The useware development process involves the following steps: analysis, structural design, design, realization, and evaluation. These steps should not be considered in isolation but rather as overlapping stages. Maintaining continuity throughout the process and employing appropriate tools, such as those based on the Extensible Markup Language (XML), helps prevent information loss and breaks in media.

===Analysis===
Understanding that humans have varied learning, thinking, and working styles is crucial when creating a user interface. The first step is to analyze users, their tasks, and their work settings to figure out what they really need. This analysis is key to designing an interface that's focused on both the user and the task, treating humans and machines as partners in interaction. Techniques like structured interviews, observations, and card sorting help get a full picture of users and their behaviour, which is essential for grasping their tasks, user groups, and work environments fully. Engaging multiple experts such as engineers, computer scientists, and psychologists is crucial, particularly in the analysis phase, to generate task models for documentation and interface design, which inherently include a functional model of the process and/or machine.

===Structure design===
The results of the analysis phase inform the structuring phase, where an abstract use model is developed based on this information, which is platform-independent. This use model serves as the foundation for the future user interface, providing a formal representation of use contexts, tasks, and information required for the machine's functionality.
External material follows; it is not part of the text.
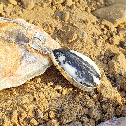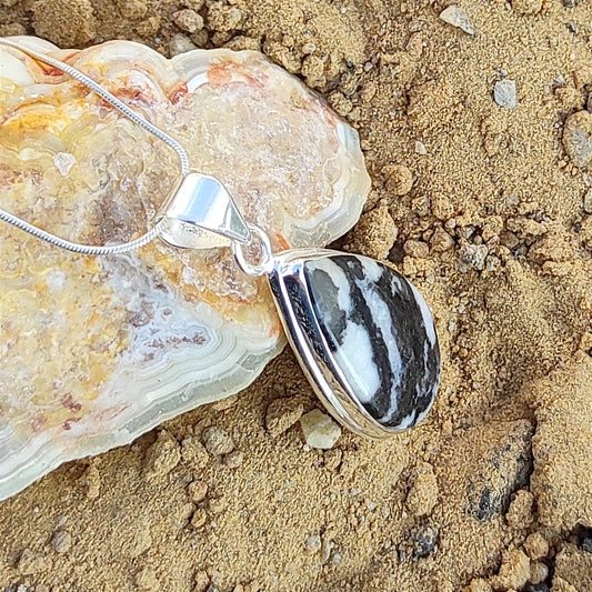 Zebra Jasper Gemstone Silver Pendant, Solid 925 Sterling Silver Pear Shape Gemstone Charm Pendant Necklace, 31x17x6mm

Modeled using the Useware Markup Language (useML) within a model-based development environment, the use model defines the basic structure of the interface.

===Design===
During the structuring phase, a hardware platform for the useware must be chosen in parallel. This selection considers both the environmental demands of machine usage, such as pollution, noise, and vibration, and the users' requirements, including display size and optimal interaction devices. Additionally, economic factors play a role. For extensively networked models or those comprising numerous elements, adequate display size is essential for visualizing information structures. These considerations are influenced by user groups and usage contexts.
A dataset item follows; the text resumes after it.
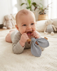 A muszlinpelenkás rágóka ideális készlet, ha a baba fogzik. A rágóka középpontbarát bükkfából és puha muszlinszövetből készült. Teljesen biztonságos a babák számára, nyugtató megkönnyebbülést hoz a fogzás alatt. A rágóka játékként is használható a babák számára. A rágóka tökéletesen illeszkedik a többi muszlin termékünkhöz, így egy gyönyörű készletet alkot, amelyet babaköszöntőre ajándékozhat.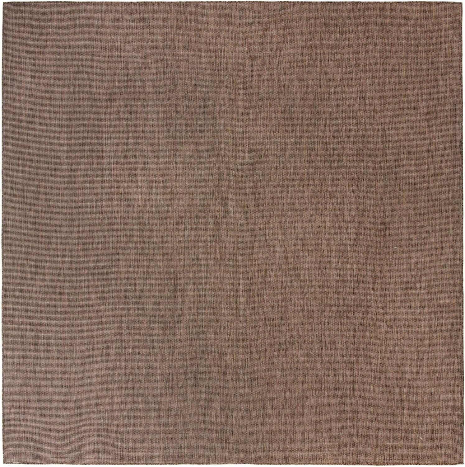 Unique Loom Collection Casual Transitional Solid Heathered Indoor/Outdoor Flatweave Area Rug (13' Square, Light Brown/Ivory)

===Realization/prototyping===
During prototyping, developers need to choose a development tool. If the selected environment allows for imports, the developed use model can be brought in, facilitating the creation of the user interface. This typically involves refining dynamic components and dialogue design. Often, there's a disconnect between the structuring and fine design phases. The current array of development tools offers a broad range of notations. Developers must represent the useware through prototypes, such as paper prototypes or Microsoft PowerPoint prototypes.

===Evaluation===
Continuous evaluation throughout the development process enables the early detection of product issues, thereby reducing development costs. It's crucial to assess not only design aspects but also structural elements like navigational concepts during evaluation. Research indicates that 60% of all usage errors stem from structural deficiencies rather than poor design. Consequently, the evaluation phase must be viewed as a cross-sectional task throughout the entire development process. Therefore, integrating users into product development is paramount.